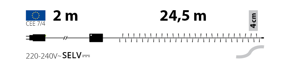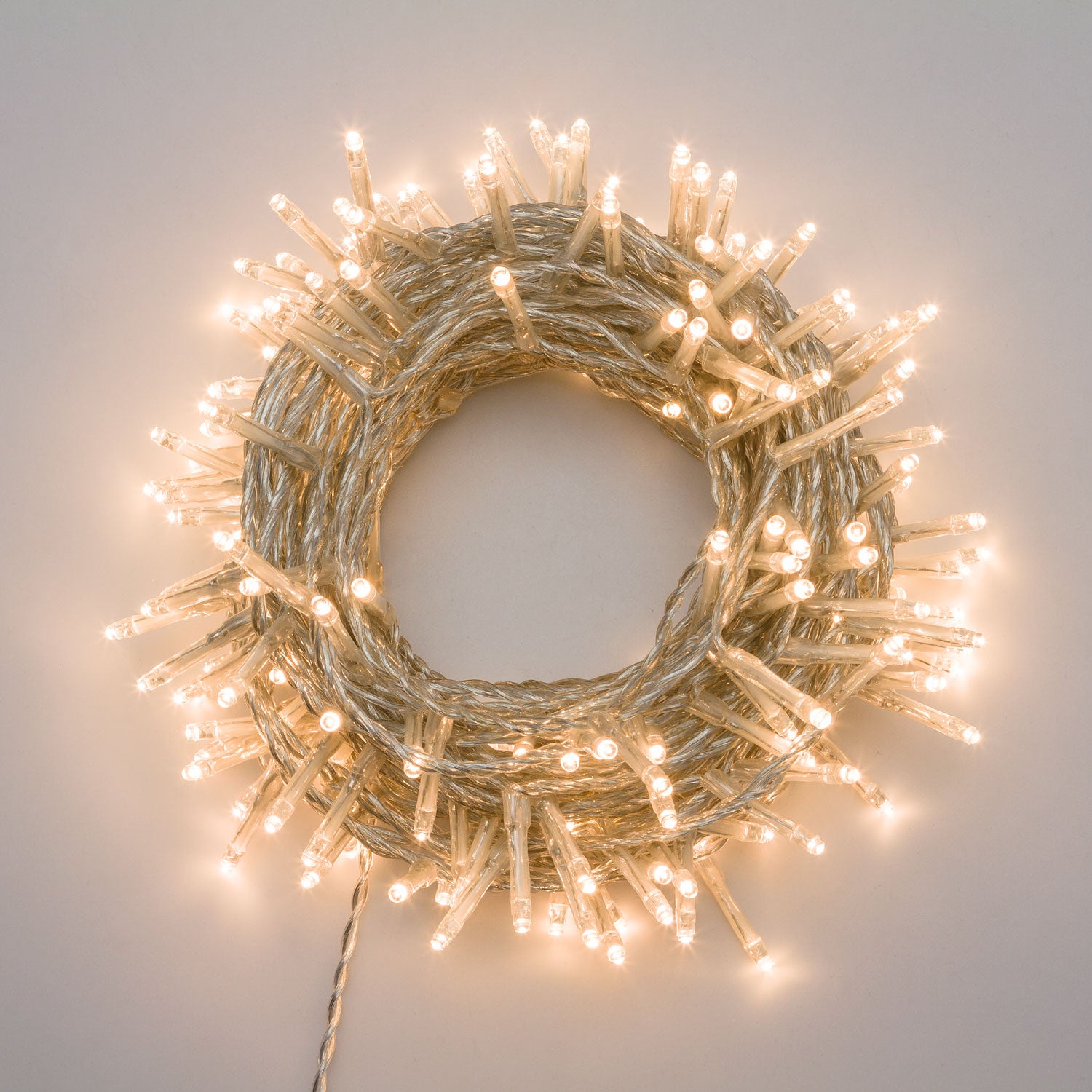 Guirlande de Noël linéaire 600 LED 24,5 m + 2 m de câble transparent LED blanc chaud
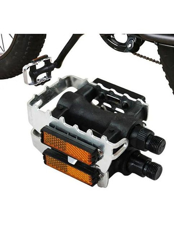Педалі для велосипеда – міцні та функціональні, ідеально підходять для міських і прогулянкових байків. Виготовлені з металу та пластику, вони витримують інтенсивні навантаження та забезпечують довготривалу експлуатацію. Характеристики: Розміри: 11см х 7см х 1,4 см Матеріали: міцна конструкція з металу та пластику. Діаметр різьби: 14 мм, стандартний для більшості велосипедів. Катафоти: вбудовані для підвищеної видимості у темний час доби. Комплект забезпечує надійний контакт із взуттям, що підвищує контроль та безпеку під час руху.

━━━━━━━━━━

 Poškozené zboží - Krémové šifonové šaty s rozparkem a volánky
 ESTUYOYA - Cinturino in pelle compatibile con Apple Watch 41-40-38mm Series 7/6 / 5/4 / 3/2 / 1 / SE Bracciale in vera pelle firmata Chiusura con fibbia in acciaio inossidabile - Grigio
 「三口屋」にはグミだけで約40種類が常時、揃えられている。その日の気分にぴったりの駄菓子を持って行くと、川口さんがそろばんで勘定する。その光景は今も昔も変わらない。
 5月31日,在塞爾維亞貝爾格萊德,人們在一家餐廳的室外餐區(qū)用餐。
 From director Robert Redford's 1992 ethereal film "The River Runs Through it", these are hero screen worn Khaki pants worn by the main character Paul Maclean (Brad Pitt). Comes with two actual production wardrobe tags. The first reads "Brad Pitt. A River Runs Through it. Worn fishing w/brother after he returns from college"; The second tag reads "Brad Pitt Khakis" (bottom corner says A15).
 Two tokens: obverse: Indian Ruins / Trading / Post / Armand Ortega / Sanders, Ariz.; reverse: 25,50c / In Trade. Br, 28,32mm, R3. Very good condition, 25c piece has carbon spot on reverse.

━━━━━━━━━━

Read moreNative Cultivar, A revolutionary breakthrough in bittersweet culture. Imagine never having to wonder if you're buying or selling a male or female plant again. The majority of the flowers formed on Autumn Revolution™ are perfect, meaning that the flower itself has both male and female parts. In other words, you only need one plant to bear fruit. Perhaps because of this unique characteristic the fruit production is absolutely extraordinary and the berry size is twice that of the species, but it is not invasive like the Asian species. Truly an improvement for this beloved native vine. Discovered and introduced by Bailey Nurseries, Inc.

━━━━━━━━━━

- _What needs to be done_: Would you write out exactly the lines above, starting at the line containing "Guirlande de Noël" and stopping after the line containing "Педалі для велосипеда"? Omit the pictures.

- _Completed task_:
 Guirlande de Noël linéaire 600 LED 24,5 m + 2 m de câble transparent LED blanc chaud
Педалі для велосипеда – міцні та функціональні, ідеально підходять для міських і прогулянкових байків. Виготовлені з металу та пластику, вони витримують інтенсивні навантаження та забезпечують довготривалу експлуатацію. Характеристики: Розміри: 11см х 7см х 1,4 см Матеріали: міцна конструкція з металу та пластику. Діаметр різьби: 14 мм, стандартний для більшості велосипедів. Катафоти: вбудовані для підвищеної видимості у темний час доби. Комплект забезпечує надійний контакт із взуттям, що підвищує контроль та безпеку під час руху.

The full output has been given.